Patients who had a prior history of acute trauma, as well as those who underwent cranioplasty or similar interventions in a secondary instance, were excluded. Participants whose clinical records or computed tomography imaging wasn’t available were eliminated. This study was developed within the University Hospital “Dr. Jose’ Eleuterio Gonza’lez”, a single, third-level, referral medical center belonging to Universidad Autónoma de Nuevo León. An alphanumeric Excel database was created from compiled participant data to organize relevant information.
Finally, consent for this study was given by the Institutional Review Board of Ethics and Research Committee, with registration number PI21-00389.

Variables

Sociodemographic variables, such as age, sex, nationality, and years of schooling, were compiled. Information regarding initial clinical presentation of the patients, such as Glasgow Coma Scale (GCS) score, presence of comorbidities such as chronic degenerative diseases, drug addictions, as well as their initial laboratories, which focused on blood biometry data, was collected.
Data regarding patient’s condition previous and posterior to medical management, such as presence of neurological focalization, cerebrospinal fluid fistula, and associated complications (e.g., infection, fever, seizures, or death), were reviewed.
Information concerning surgical management and its characteristics, such as surgery duration, time window from door to surgery initiation, type of surgery, and material used, was reviewed as well.

Sample Size

The sample was gathered by convenience method of sampling, since the studied sample corresponded to the total number of patients who were hospitalized in the authors’ center during 2015–2021.

Statistical Analysis

The sample was initially divided into two separate groups (surgical management vs non-surgical management) with the aim of determining variables of clinical significance.
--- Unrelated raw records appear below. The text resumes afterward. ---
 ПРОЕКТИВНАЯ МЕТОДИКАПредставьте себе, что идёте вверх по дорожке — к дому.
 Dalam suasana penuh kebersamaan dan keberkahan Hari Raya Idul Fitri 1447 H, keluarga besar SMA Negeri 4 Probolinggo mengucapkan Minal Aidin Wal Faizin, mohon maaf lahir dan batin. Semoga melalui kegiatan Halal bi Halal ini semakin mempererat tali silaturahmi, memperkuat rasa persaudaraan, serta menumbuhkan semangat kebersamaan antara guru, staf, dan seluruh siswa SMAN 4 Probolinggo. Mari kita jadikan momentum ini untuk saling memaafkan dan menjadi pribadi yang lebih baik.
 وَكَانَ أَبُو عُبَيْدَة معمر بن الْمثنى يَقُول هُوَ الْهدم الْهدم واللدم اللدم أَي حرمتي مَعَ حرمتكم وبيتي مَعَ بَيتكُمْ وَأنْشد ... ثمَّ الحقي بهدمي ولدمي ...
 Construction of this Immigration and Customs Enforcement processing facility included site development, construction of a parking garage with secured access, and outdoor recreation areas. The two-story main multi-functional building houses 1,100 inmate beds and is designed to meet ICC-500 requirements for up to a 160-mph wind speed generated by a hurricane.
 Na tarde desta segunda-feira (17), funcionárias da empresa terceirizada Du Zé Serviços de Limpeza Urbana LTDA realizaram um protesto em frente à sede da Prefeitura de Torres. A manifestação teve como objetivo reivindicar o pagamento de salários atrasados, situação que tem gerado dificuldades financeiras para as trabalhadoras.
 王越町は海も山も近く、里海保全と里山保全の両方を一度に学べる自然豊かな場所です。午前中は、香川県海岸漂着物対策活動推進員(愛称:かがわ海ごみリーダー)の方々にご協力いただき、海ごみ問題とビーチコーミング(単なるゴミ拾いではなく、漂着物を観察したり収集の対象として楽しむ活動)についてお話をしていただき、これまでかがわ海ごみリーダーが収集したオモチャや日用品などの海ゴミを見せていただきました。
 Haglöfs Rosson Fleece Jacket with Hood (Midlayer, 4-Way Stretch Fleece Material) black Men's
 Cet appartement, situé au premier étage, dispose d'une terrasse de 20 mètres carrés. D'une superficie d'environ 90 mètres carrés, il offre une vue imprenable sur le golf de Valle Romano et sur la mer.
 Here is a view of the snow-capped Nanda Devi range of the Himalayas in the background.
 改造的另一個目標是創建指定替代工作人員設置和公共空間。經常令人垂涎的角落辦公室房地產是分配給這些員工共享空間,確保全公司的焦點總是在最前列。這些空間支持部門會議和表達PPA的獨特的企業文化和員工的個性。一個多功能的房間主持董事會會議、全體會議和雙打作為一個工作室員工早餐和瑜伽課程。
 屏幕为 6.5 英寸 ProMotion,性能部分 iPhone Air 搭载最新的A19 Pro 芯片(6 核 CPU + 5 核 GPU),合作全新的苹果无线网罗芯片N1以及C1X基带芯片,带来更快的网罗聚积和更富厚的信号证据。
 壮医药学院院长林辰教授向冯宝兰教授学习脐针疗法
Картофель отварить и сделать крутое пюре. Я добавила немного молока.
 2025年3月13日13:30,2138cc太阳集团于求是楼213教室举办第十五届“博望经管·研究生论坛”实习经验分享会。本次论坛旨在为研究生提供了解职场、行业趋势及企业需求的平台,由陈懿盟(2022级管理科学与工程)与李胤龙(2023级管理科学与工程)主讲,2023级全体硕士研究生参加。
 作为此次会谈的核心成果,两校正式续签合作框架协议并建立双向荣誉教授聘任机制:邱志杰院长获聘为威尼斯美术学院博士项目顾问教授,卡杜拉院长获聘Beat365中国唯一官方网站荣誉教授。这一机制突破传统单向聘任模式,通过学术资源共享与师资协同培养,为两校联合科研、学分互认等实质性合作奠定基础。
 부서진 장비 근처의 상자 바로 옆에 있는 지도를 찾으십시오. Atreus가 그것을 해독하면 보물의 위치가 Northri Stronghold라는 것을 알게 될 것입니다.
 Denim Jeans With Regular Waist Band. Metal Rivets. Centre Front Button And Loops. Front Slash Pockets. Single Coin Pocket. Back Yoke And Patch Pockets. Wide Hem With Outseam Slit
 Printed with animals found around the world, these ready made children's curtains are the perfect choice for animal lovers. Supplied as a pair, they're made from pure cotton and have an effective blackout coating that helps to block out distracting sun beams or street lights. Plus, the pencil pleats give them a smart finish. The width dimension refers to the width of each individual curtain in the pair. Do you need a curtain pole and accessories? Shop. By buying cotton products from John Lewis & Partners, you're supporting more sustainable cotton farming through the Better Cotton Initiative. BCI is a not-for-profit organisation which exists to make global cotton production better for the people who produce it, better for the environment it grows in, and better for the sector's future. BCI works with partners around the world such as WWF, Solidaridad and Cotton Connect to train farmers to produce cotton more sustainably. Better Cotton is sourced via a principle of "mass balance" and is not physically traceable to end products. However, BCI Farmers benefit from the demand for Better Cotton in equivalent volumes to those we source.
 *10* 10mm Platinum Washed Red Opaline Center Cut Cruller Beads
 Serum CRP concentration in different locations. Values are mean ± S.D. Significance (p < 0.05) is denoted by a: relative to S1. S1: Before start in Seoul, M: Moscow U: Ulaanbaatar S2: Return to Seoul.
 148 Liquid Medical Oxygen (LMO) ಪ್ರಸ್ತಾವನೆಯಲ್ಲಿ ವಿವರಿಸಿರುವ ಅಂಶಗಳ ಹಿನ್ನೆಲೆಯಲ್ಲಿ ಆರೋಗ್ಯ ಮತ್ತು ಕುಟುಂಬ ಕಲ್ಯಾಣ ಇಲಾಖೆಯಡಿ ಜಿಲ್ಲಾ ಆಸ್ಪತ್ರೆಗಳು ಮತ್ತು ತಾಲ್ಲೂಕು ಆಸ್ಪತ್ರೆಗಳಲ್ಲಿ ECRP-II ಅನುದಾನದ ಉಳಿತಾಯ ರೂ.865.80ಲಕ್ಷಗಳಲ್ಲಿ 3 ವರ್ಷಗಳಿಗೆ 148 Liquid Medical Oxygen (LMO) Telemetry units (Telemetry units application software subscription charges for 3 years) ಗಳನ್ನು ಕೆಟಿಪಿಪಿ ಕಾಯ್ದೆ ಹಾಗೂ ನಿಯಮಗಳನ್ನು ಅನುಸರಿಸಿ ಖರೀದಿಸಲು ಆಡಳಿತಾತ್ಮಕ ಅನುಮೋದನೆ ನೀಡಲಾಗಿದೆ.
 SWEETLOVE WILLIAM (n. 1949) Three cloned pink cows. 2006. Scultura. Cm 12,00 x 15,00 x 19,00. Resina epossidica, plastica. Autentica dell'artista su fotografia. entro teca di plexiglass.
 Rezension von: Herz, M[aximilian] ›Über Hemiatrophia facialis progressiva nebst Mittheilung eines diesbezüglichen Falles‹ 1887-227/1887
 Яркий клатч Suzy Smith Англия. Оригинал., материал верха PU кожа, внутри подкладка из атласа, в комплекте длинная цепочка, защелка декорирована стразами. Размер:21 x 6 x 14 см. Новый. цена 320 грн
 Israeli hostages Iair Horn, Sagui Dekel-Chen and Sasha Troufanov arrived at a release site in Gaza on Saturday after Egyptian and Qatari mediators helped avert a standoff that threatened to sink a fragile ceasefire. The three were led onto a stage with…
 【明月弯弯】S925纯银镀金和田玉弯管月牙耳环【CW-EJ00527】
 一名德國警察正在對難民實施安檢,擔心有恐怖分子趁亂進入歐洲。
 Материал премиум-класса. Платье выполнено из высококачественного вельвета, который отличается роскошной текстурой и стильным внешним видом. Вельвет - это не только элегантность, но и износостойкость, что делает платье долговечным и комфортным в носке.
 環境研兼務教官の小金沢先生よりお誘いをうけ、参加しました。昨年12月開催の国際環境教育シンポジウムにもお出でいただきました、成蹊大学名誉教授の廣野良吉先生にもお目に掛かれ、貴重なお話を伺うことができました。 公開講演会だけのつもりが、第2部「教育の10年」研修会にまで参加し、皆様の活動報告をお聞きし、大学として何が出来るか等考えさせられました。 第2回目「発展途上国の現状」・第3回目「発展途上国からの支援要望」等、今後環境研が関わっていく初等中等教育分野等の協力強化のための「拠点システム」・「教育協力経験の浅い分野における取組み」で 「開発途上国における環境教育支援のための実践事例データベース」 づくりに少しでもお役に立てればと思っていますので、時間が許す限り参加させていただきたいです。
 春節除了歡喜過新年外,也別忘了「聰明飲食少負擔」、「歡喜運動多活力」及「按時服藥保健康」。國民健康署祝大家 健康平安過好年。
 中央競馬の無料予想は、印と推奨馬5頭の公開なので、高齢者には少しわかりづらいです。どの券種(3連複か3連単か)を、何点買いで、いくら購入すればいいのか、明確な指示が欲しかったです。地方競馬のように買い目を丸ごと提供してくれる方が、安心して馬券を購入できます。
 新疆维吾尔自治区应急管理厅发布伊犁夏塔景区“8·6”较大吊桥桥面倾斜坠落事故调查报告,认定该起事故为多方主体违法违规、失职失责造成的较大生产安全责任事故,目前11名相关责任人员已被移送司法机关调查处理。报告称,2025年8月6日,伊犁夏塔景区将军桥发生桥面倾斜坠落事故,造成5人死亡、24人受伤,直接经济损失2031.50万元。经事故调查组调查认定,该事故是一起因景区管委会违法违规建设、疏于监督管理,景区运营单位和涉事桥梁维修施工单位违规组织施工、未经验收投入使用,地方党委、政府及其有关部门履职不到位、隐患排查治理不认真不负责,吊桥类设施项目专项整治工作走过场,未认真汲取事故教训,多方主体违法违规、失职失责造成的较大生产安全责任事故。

IBM SPSS software (version 23.012), RStudio (version 4.0.2), and the ggplot2 package were used for analysis.
To compare data between groups, Student’s t-test was utilized in variables with normal distribution, whereas Chisquare test was applied in independent random variables with standard normal distribution [12]. For correlations, Pearson’s correlation coefficient was used.
A p-value < 0.05 was considered statistically significant. The variables that resulted statistically significant in the univariate analysis, within the general population and in those who underwent surgery, were subjected to a multivariate logistic regression model to predict mortality.

Results

Sociodemographic Characteristics

A total of 457 clinical records were evaluated under the requested ICD-10. A total of 150 subjects who met inclusion criteria were included. The average population age was 32.95 ± 14.48 years, being 125 (86.4%) male patients. Predominant comorbidities in our population corresponded to alcoholism, which was present in 78 patients (52%), smoking in 62 patients (41.3%), and obesity in 25 patients (16.6%). The additional comorbidities are listed in Table 1.
The group who underwent any type of intervention presented a higher percentage of male participants, a lower age range, as well as a greater number of comorbidities, including toxicosis, alcoholism, smoking, obesity, and type 2 diabetes, from which smoking was found as statistically significant (Table 2). A total of 119 patients (79.3%) had a follow-up of at least 6 months in the outpatient clinic.

Trauma Characteristics

The most common associated trauma mechanism was blunt trauma by direct assault, which includes batter with a blunt object, which represented 43 patients (28.7%), followed by trauma associated to motor vehicle accident (37 patients; 24.7%), and free fall from a distance >2 m (29 patients; 19.3%).
The main associated trauma mechanism in the interventional group corresponded to blunt trauma by direct assault, which was present in 36 patients (35%), while the main associated trauma mechanism in the non-interventional group corresponded to free fall from a distance >2 m, which was present in 17 patients (38%), both representing statistically significant variables. A detailed dissection of associated trauma mechanisms by group is represented in Table 2.
On admission evaluation, 21 patients (14%) had cerebrospinal fluid (CSF) fistula and 79 patients (50.3%) had neurological focalization, with no significant difference between groups. A total of 81 patients (54%) presented involvement of external and internal tables of the frontal sinus. The most common intracranial involvement corresponded to epidural hematoma, which was present in 41 patients (27.3%), from which 36 patients (34.3%) were in the interventional group. No differences were found in terms of laterality. The most common causes of mortality within our sample corresponded to Neuroinfection in 5 patients (3.3%), Intracerebral Hemorrhage in 3 patients (2%), and Epidural Hematoma in 2 patients (1.3%).
In the interventional group, involvement of both frontal sinus tables was present in 65 patients (61.9%). In the nonintervention group, the most affected table of the frontal sinus corresponded to the external table, which was presented in 25 patients (55.6%), which was statistically significant.
Nasofrontal duct obstruction was found, by computed tomography, in 71 patients (47.3%), which corresponded to less than 15% (14 patients) of the patients in the nonintervention group and more than 50% (57 patients) in the interventional group, presenting statistical significance. A greater number of depressed fractures were present in the interventionism-group, in comparison to the noninterventionism group, in which the most common pattern of fracture corresponded to linear fractures (Table 2).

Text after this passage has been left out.